The corpus has two layers, and the distinction drives everything downstream (src/corpus.ts, src/types.ts):

  • Records are published pages — each markdown file becomes a flat, citable record: title, canonical URL, summary, curated themes, full body. The body travels all the way to the model, because you already published it.
  • Private notes are material you want searchable but never quotable — here, the songwriter's notebook in example-content/notebook/. Each note declares the public page it routes to (about) and where the moment lives (locator). Its text gets embedded, so retrieval can find it. It is never shown to the model.
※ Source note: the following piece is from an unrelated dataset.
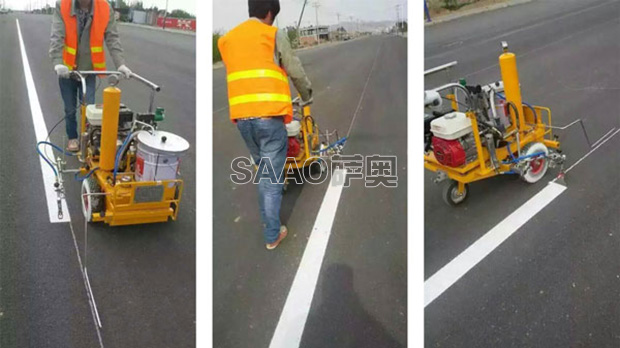 手推式冷噴劃線機為高壓力等流量型無氣噴涂機,該機利用汽油機驅動液壓系統帶動單柱塞泵,使涂料在機內形成高壓進行噴涂,所劃線厚薄均勻邊角齊

In production (Ask the Archive), published podcast passages are records — retrieved and cited — while unpublished transcript text is embedded for search but reaches the model only as a routing hint: where to listen, never what was said. This repo shows the same boundary with hand-written notebook entries instead of a transcription pipeline.

2. Retrieval returns both; assembly strips prose

Both layers share one embedding space in one versioned index file (artifacts/index.json — gitignored, because vectors derived from private text are private). Retrieval (src/retrieve.ts) scores everything with brute-force cosine plus two conservative boosts: naming a work's title (0.30) and using a curated theme verbatim (0.15) — metadata you maintain should outrank raw similarity. Anything under a score floor is dropped. Weak matches don't get to masquerade as evidence; an empty result is where "I don't know" begins, before any model is involved.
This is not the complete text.